═══ MATERIALS PROVIDED

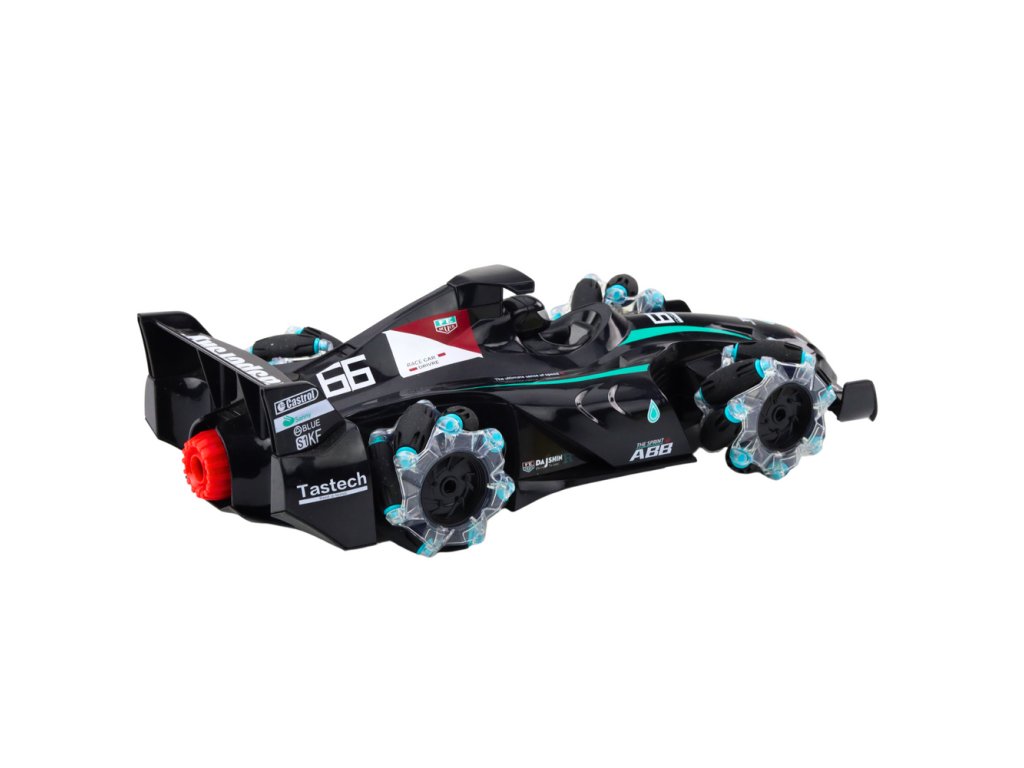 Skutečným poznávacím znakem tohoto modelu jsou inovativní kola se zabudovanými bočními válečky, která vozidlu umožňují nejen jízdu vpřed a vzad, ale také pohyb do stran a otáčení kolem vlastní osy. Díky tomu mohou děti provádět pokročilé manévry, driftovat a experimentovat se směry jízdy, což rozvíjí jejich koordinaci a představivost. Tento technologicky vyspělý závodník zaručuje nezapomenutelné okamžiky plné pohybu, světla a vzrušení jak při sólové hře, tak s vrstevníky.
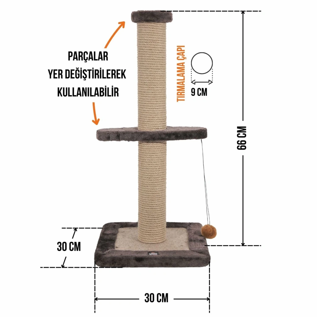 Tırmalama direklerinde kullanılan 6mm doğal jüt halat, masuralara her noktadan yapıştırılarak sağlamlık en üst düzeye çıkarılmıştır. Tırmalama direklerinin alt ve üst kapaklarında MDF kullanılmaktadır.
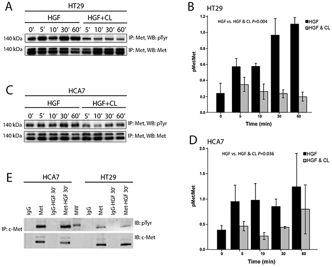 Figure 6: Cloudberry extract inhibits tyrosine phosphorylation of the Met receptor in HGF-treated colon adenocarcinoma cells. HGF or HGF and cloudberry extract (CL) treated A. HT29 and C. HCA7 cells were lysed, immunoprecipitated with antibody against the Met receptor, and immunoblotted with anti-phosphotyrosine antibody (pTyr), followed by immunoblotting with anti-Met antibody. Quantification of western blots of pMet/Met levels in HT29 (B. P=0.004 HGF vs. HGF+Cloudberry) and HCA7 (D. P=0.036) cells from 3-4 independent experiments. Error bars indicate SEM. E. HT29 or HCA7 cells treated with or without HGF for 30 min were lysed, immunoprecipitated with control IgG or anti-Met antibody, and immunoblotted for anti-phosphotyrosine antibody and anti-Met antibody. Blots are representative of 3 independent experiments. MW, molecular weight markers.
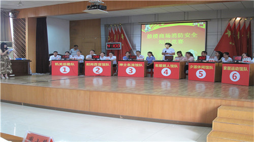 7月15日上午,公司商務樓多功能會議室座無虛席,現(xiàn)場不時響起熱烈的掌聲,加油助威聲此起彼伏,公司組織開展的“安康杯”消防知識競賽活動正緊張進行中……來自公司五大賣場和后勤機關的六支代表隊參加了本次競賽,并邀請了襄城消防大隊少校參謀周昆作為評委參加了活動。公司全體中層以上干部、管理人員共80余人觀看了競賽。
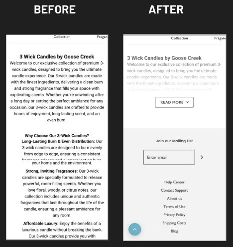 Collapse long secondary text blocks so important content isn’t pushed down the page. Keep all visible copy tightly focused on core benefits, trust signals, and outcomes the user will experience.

══════
═══ MATERIALS PROVIDED

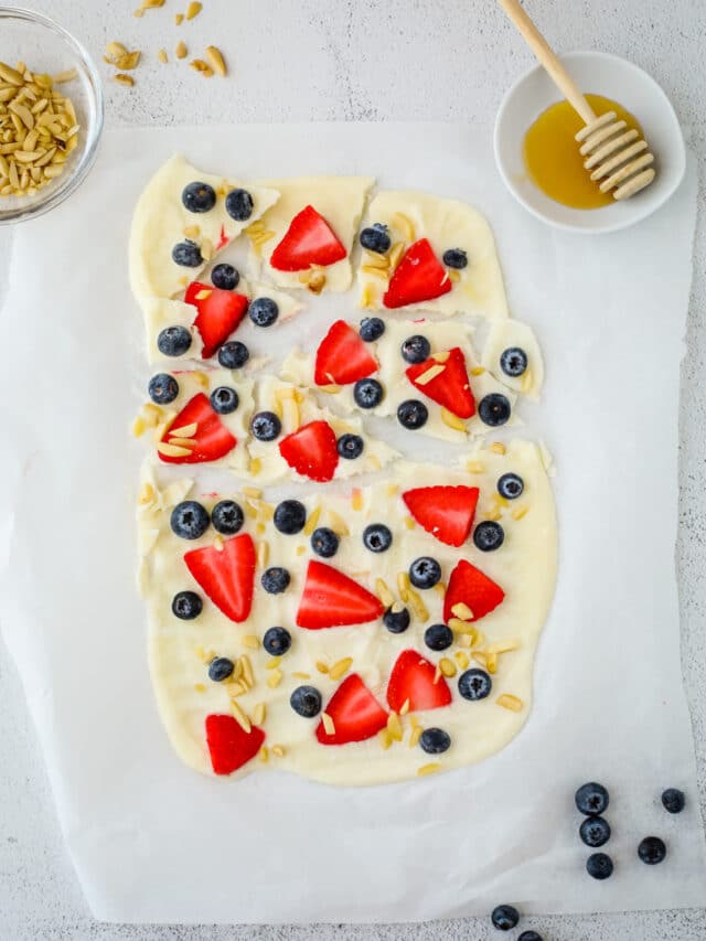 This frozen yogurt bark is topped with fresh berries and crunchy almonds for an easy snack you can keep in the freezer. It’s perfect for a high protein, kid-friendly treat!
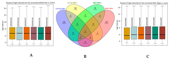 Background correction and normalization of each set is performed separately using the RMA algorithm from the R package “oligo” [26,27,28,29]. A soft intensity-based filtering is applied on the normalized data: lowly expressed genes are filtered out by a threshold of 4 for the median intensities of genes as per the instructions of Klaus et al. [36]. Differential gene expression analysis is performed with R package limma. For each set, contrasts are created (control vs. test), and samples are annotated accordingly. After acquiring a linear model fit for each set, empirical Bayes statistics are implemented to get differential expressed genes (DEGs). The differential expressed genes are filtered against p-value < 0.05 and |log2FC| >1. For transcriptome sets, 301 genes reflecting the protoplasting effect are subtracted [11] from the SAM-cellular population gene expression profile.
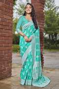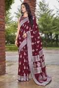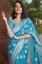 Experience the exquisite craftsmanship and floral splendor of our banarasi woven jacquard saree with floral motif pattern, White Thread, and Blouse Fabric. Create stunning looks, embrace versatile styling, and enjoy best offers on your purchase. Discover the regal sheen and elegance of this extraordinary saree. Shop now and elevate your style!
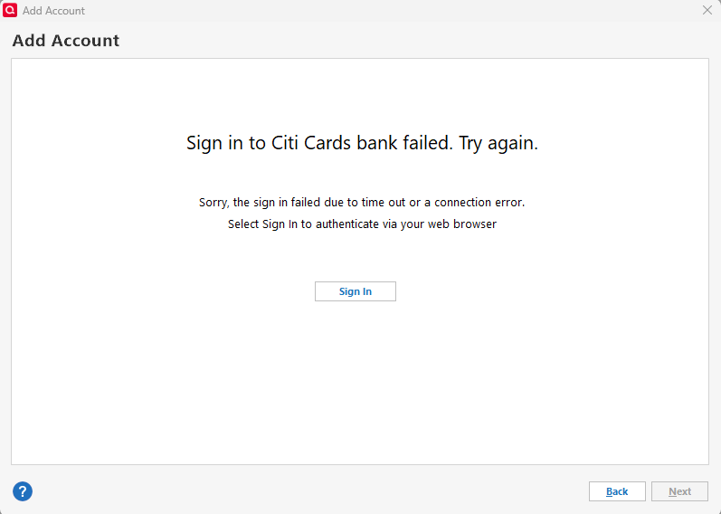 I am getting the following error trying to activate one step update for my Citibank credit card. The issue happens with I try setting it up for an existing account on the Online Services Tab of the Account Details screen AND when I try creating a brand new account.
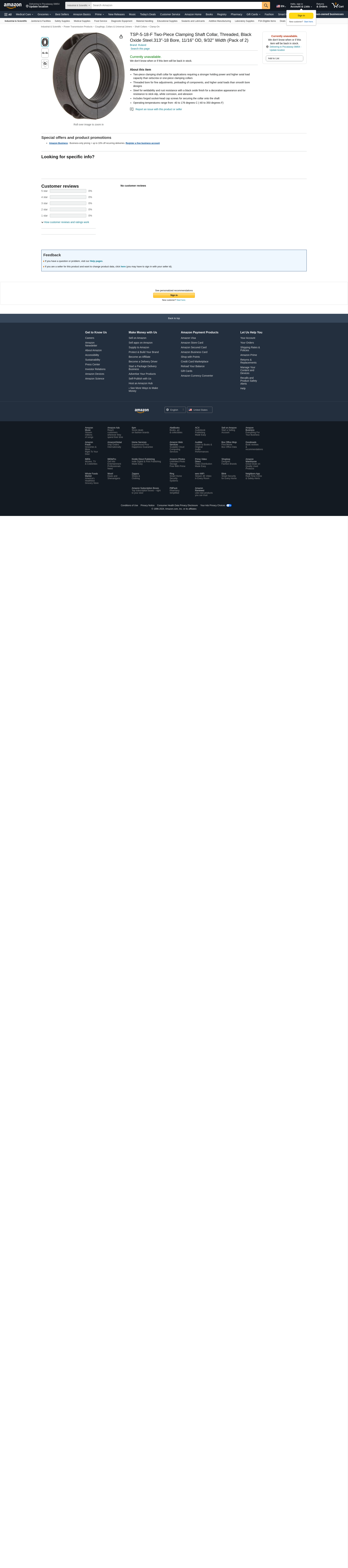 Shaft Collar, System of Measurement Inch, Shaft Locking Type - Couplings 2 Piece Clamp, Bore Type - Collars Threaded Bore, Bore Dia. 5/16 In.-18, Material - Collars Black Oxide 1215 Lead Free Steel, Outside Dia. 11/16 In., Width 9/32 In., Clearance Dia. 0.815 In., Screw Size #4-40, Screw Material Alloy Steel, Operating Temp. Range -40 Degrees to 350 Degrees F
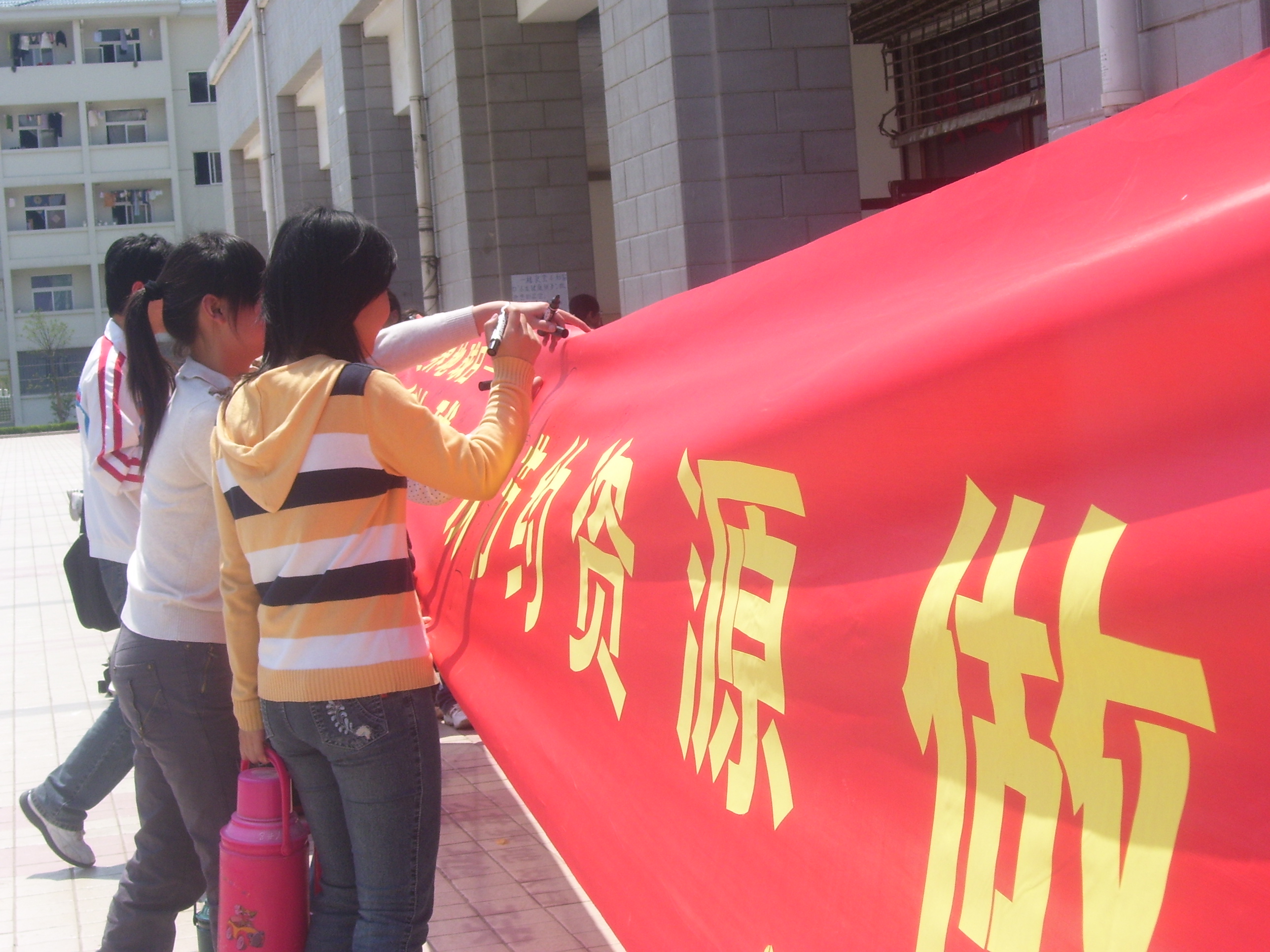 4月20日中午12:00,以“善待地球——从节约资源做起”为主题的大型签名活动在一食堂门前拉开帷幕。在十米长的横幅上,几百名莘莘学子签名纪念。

══════
═══ MATERIALS PROVIDED

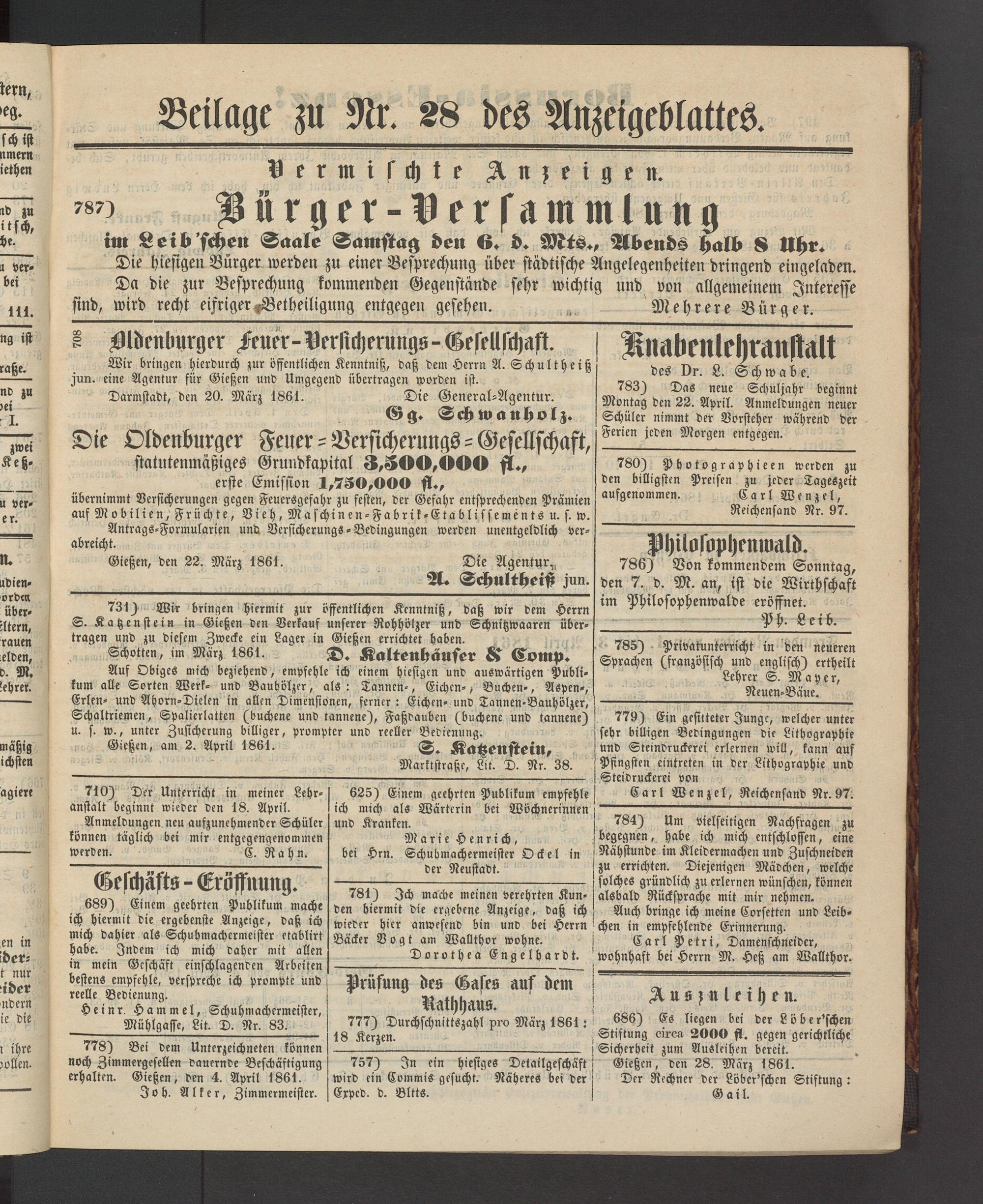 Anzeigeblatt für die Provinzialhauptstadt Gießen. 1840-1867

══════

= TRY IT =
What is needed is an exact copy of the lines above, from the one holding "Skutečným poznávacím znakem" down to the one holding "7月15日上午,公司商務樓多", with those two included and the pictures left out.

= ANSWER TO THIS TASK =
 Skutečným poznávacím znakem tohoto modelu jsou inovativní kola se zabudovanými bočními válečky, která vozidlu umožňují nejen jízdu vpřed a vzad, ale také pohyb do stran a otáčení kolem vlastní osy. Díky tomu mohou děti provádět pokročilé manévry, driftovat a experimentovat se směry jízdy, což rozvíjí jejich koordinaci a představivost. Tento technologicky vyspělý závodník zaručuje nezapomenutelné okamžiky plné pohybu, světla a vzrušení jak při sólové hře, tak s vrstevníky.
 Tırmalama direklerinde kullanılan 6mm doğal jüt halat, masuralara her noktadan yapıştırılarak sağlamlık en üst düzeye çıkarılmıştır. Tırmalama direklerinin alt ve üst kapaklarında MDF kullanılmaktadır.
 Figure 6: Cloudberry extract inhibits tyrosine phosphorylation of the Met receptor in HGF-treated colon adenocarcinoma cells. HGF or HGF and cloudberry extract (CL) treated A. HT29 and C. HCA7 cells were lysed, immunoprecipitated with antibody against the Met receptor, and immunoblotted with anti-phosphotyrosine antibody (pTyr), followed by immunoblotting with anti-Met antibody. Quantification of western blots of pMet/Met levels in HT29 (B. P=0.004 HGF vs. HGF+Cloudberry) and HCA7 (D. P=0.036) cells from 3-4 independent experiments. Error bars indicate SEM. E. HT29 or HCA7 cells treated with or without HGF for 30 min were lysed, immunoprecipitated with control IgG or anti-Met antibody, and immunoblotted for anti-phosphotyrosine antibody and anti-Met antibody. Blots are representative of 3 independent experiments. MW, molecular weight markers.
 7月15日上午,公司商務樓多功能會議室座無虛席,現(xiàn)場不時響起熱烈的掌聲,加油助威聲此起彼伏,公司組織開展的“安康杯”消防知識競賽活動正緊張進行中……來自公司五大賣場和后勤機關的六支代表隊參加了本次競賽,并邀請了襄城消防大隊少校參謀周昆作為評委參加了活動。公司全體中層以上干部、管理人員共80余人觀看了競賽。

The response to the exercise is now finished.